Wednesday, June 28, 2017

Shimai

Mikio Naruse's women, from a different time: tender animals, angels, does at large in melancholy and lovely human forms.

Perhaps the most astonishing thing about Morning's Tree-lined Street (1936) is how normal it is for the director. Part of a long series of 1930s masterpieces by Naruse (Flunky, Work Hard! [1931], No Blood Relation [1932], Apart from You [1932], Every Night Dreams [1933], Wife, Be Like a Rose! [1935], Three Sisters with Maiden Hearts [1935], The Girl in the Rumor [1935], A Woman's Sorrow [1937], Avalanche [1937], The Whole Family Works [1939] -- what titles!), and the third and final starring Naruse's wife Chiba Sachiko (they would divorce soon after), the story is very simple: a young woman leaves her country hometown to make her way in Tokyo.

Catherine Russell:
After some fruitless job hunting in downtown Tokyo, [Chiba] accepts a job as a bar hostess in Shiba ward.
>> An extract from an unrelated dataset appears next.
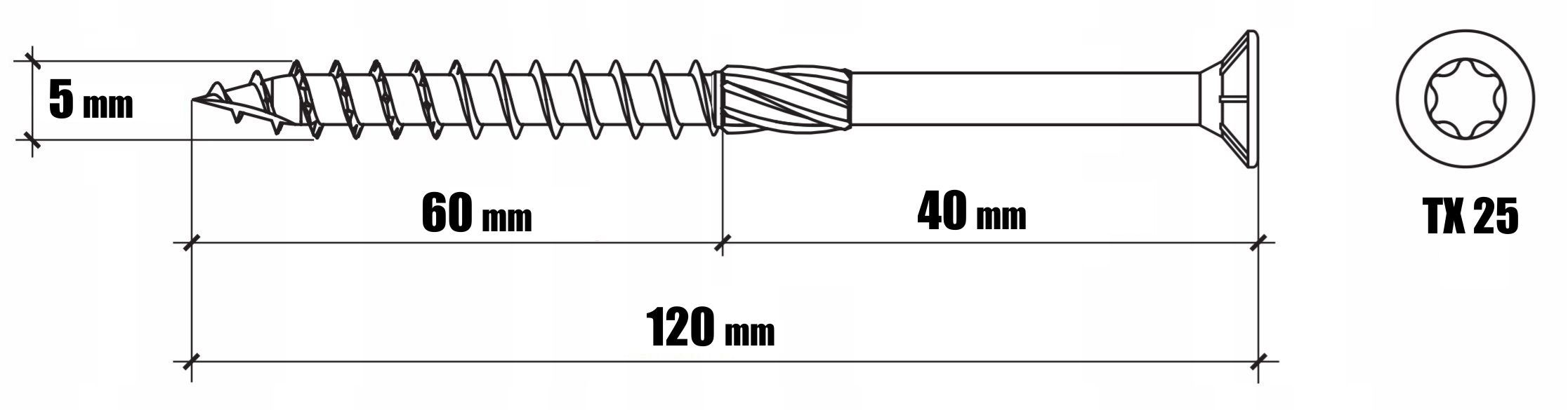 Wkręty do drewna ciesielskie stożkowe TORX TX stal 5x120mm Wkręt-Met 200szt
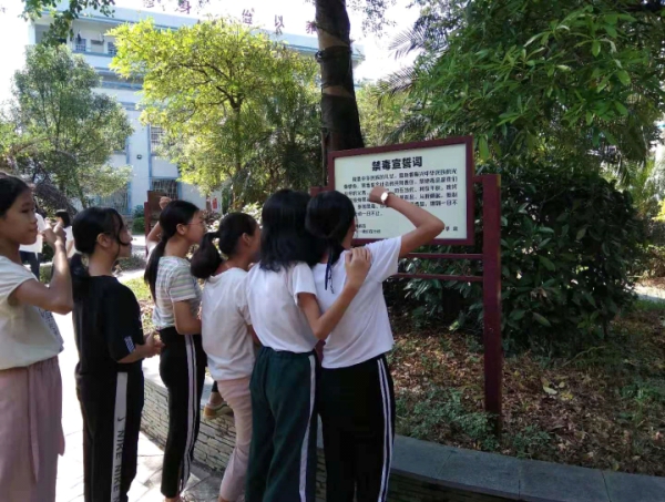 2019年9月,为了让七年级新生充分宣传毒品对人类的危害,提高广大人民群众和学生识毒、拒毒、防毒和禁毒意识,柏塘中学组织学生七年级新生参观禁毒室、禁毒园宣传教育活动。

Well away from glamorous Asakusa and Ginza, this is a neighborhood bar where the women are dirt poor, each having only one kimono to their name. Contrary to the title, there are few trees to be seen, although a small stream crossed by a little bridge gives the setting some character. The film contains a surprising number of exterior scenes, including shots of canyonlike downtown streets strangely empty of traffic.